We can use this "new knowledge" to

- Choose when to use a more simple/complex model (complexity-control)
- Make critical decisions, e.g. [autonomous cars](https://en.wikipedia.org/wiki/Tesla_Autopilot#Non-fatal_crashes), cancer diagnosis


## A bit of history

- 1980's: Bayes theorem is applied to Neural Networks (John Hopfield and Naftali Tishby)
- 1990's: Monte-Carlo and VI for bayesian neural networks was studied extensively by [David Mackay](http://www.inference.org.uk/mackay/BayesNets.html) and [Radford Neal](https://www.cs.toronto.edu/~radford/res-neural.html) (Also Bishop, Barber, Hinton, Gharamani and many others). Neal shows that Gaussian process are bayesian neural networks with infinite neurons
- 2011: [Alex Graves' VI for neural networks](https://papers.nips.cc/paper/4329-practical-variational-inference-for-neural-networks). Explosion of practical deep bayesian networks 
    - [Charles Blundell's Bayes by backprop](https://arxiv.org/abs/1505.05424)
    - [Yarin Gal's many work](http://mlg.eng.cam.ac.uk/yarin/thesis/thesis.pdf)
    - Durk Kingma, Danilo Jimenez Rezende, Shakir Mohamed, José Miguel Hernandez-Lobato
- [Hot topic now a days](http://bayesiandeeplearning.org/)

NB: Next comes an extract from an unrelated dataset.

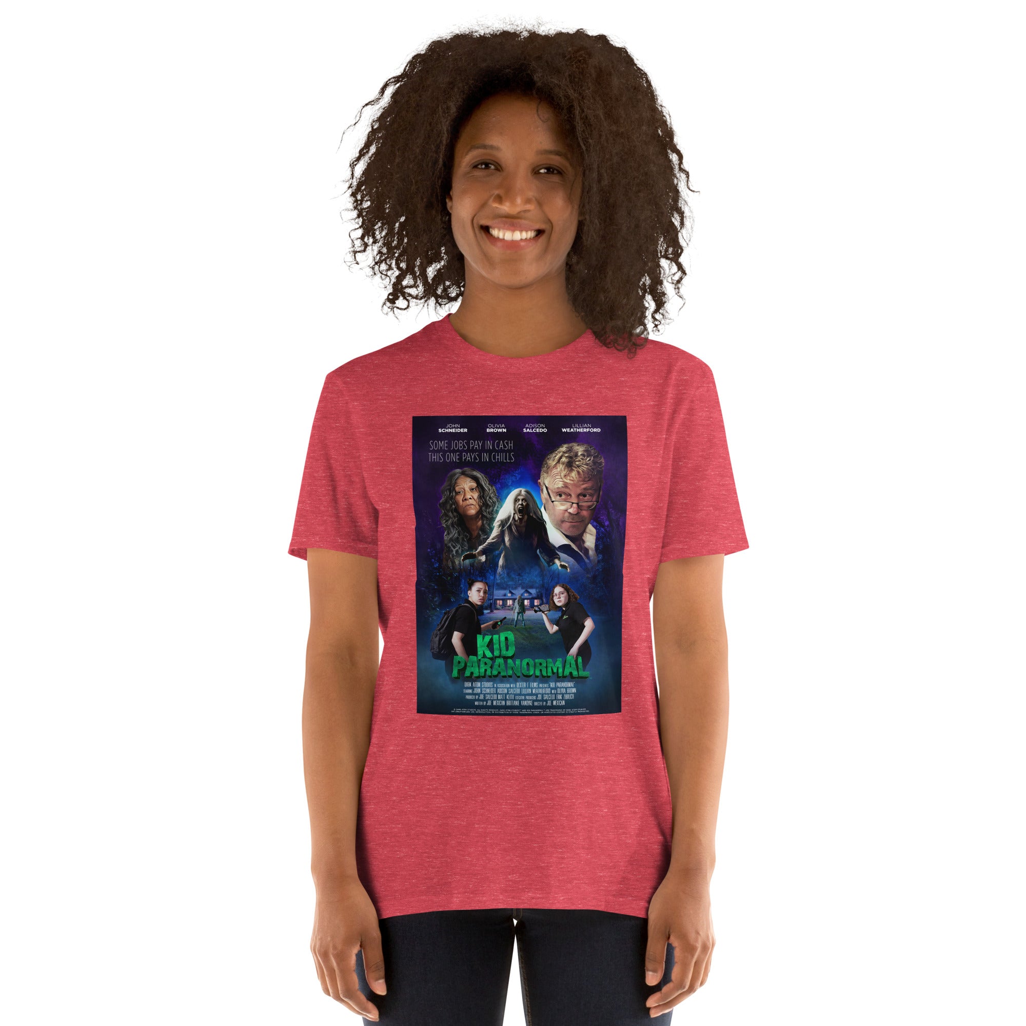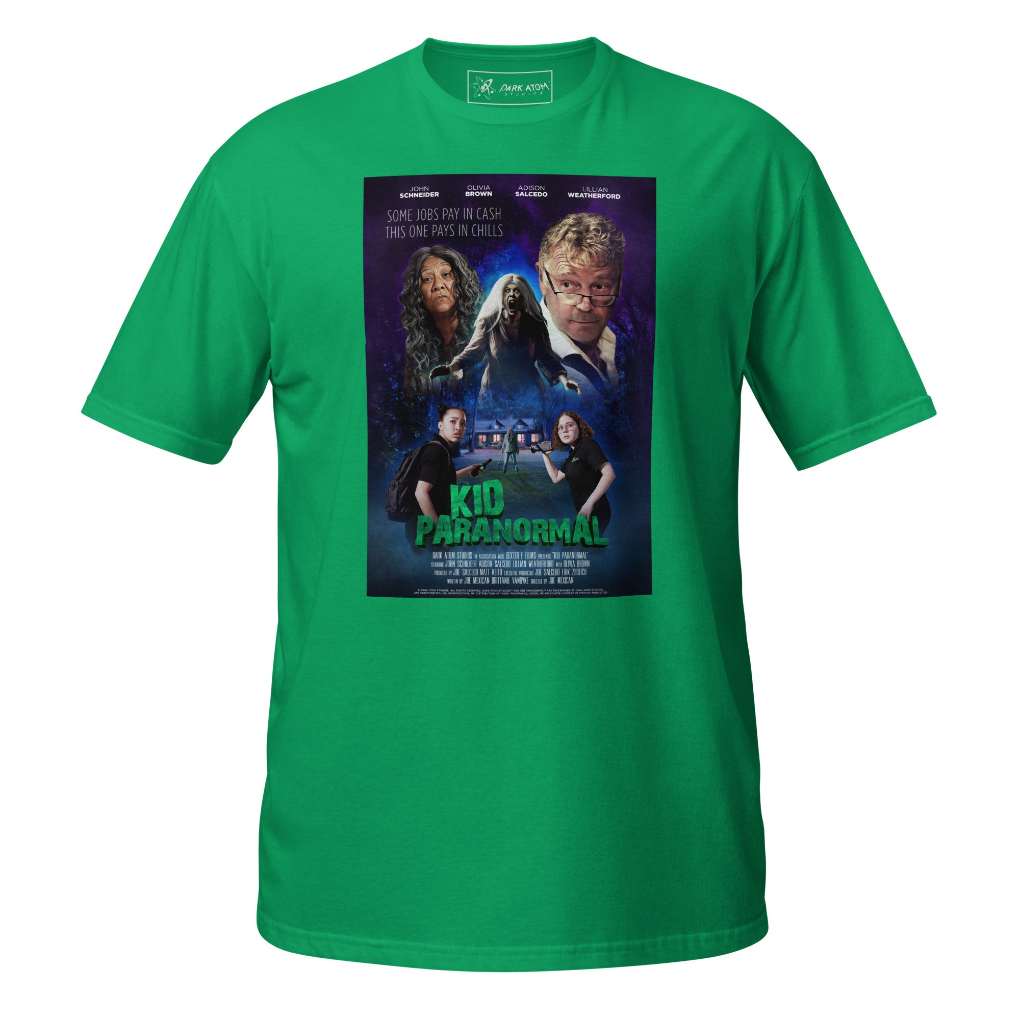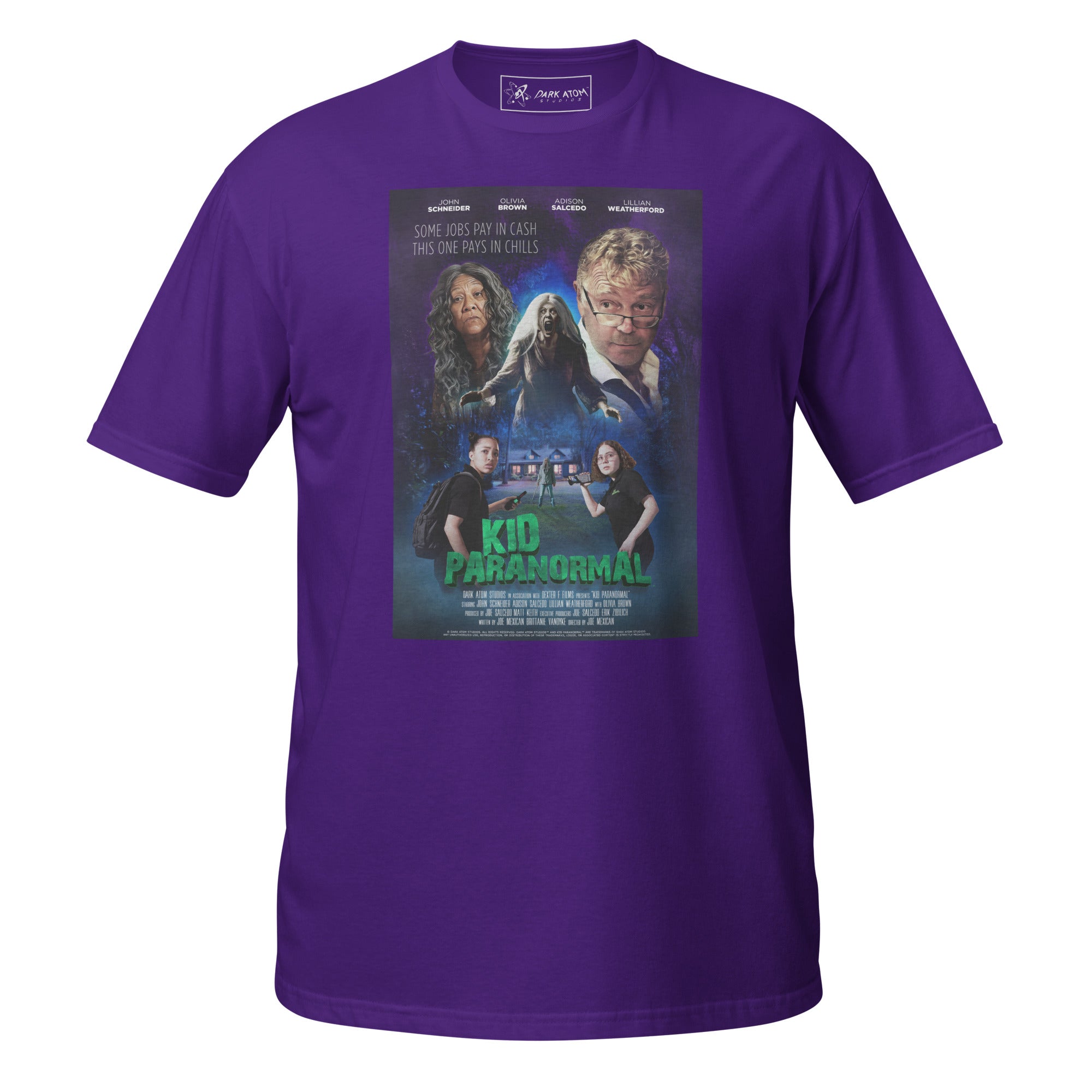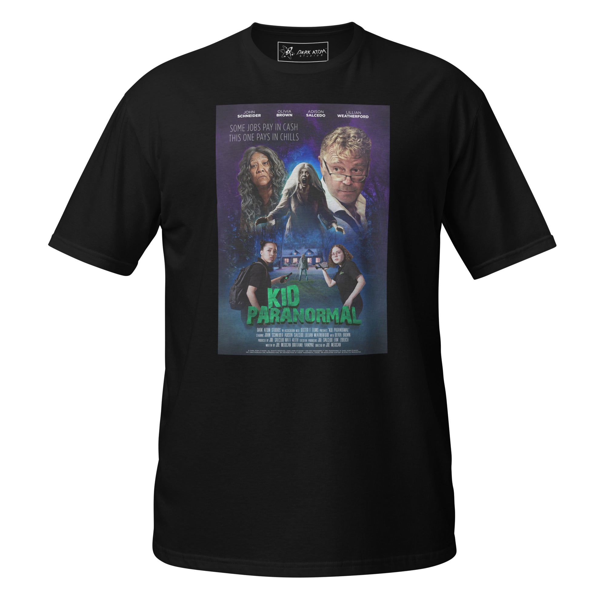 Get ready to represent your favorite paranormal duo with the Kid Paranormal™ Official Poster T-Shirt! Featuring vibrant artwork from the official movie poster, this shirt showcases the iconic cast: John Schneider, Olivia Brown, Adie Salcedo, and Lillian Weatherford. The design brings the thrilling world of Kid Paranormal™ to life in bold, fun colors, making it a perfect addition to any fan’s wardrobe.

History in video by [Zoubin Gharamani](http://mlg.eng.cam.ac.uk/zoubin/) at [NIPS 2016](https://www.youtube.com/watch?v=FD8l2vPU5FY) and [interesting panel discussion](https://www.youtube.com/watch?v=HumFmLu3CJ8) on the same conference

## Formalism recap

Assuming

- $N$ *iid* samples $\mathcal{D} =\{(x^{(1)}, y^{(1)}), (x^{(2)}, y^{(2)}), \ldots, (x^{(N)}, y^{(N)}) \}$ 
- $x$ is a $D$ dimensional vector, $y$ is a scalar
- Fully-connected neural network with one hidden layer ($H$ neurons) for regression
- $\text{tanh}(\cdot)$ as non-linear activation function

$$
\begin{align}
f_\theta(x) &=   \hat b + \sum_{j=1}^H \hat w_{j} h_j  \nonumber \\
&=  \hat b + \sum_{j=1}^H \hat w_{j} \text{tanh} \left( b_j + \sum_{d=1}^D w_{jd} x_d  \right) \nonumber
\end{align}
$$

The parameter vector $\theta = (b, w, \hat b, \hat w)$ contains all the weights and biases of the model

**Prior:** We propose a prior for $\theta$, typically

$$
\theta \sim \mathcal{N}(\theta | 0, \Sigma_\theta)
$$

**Likelihood:** We propose a likelihood depending on our task, typically Gaussian for regression and Bernoulli/Categorical for binary/multiclass classification 

**Posterior:** We use Bayes theorem to write the posterior

$$
p(\theta | \mathcal{D}) = \frac{p(\mathcal{D}|\theta) p(\theta)}{p(\mathcal{D})} = \frac{1}{{p(\mathcal{D})}} \prod_n \mathcal{N}(y^{(n)} | f(x^{(n)}), \sigma^2) \mathcal{N}(\theta | 0, \Sigma_\theta)
$$

Even though the likelihood and prior are normal **the posterior in this case is not normal** because of the nested nonlinearity 

In general:

> We cannot obtain an analytical posterior for a bayesian neural network

We resort to sampling-based (MCMC) or deterministic (VI) approximate inference

## My first Bayesian Neural Network using `pyro`


We will use the same synthetic data from the linear regression lecture

In [None]:
# Synthetic data
se = 0.1
np.random.seed(0)
x = np.linspace(0, 1, num=20) 
x_test = np.linspace(-0.05, 1.05, num=200)
f = lambda x : x*np.sin(10*x)

x = np.delete(x, slice(9, 14))
y = f(x) + se*np.random.randn(len(x))
fig, ax = plt.subplots(figsize=(7, 3), tight_layout=True)
ax.scatter(x, y);

x_torch = torch.from_numpy(x.astype('float32')).unsqueeze(1)
x_test = torch.from_numpy(x_test.astype('float32')).unsqueeze(1)
y_torch = torch.from_numpy(y.astype('float32'))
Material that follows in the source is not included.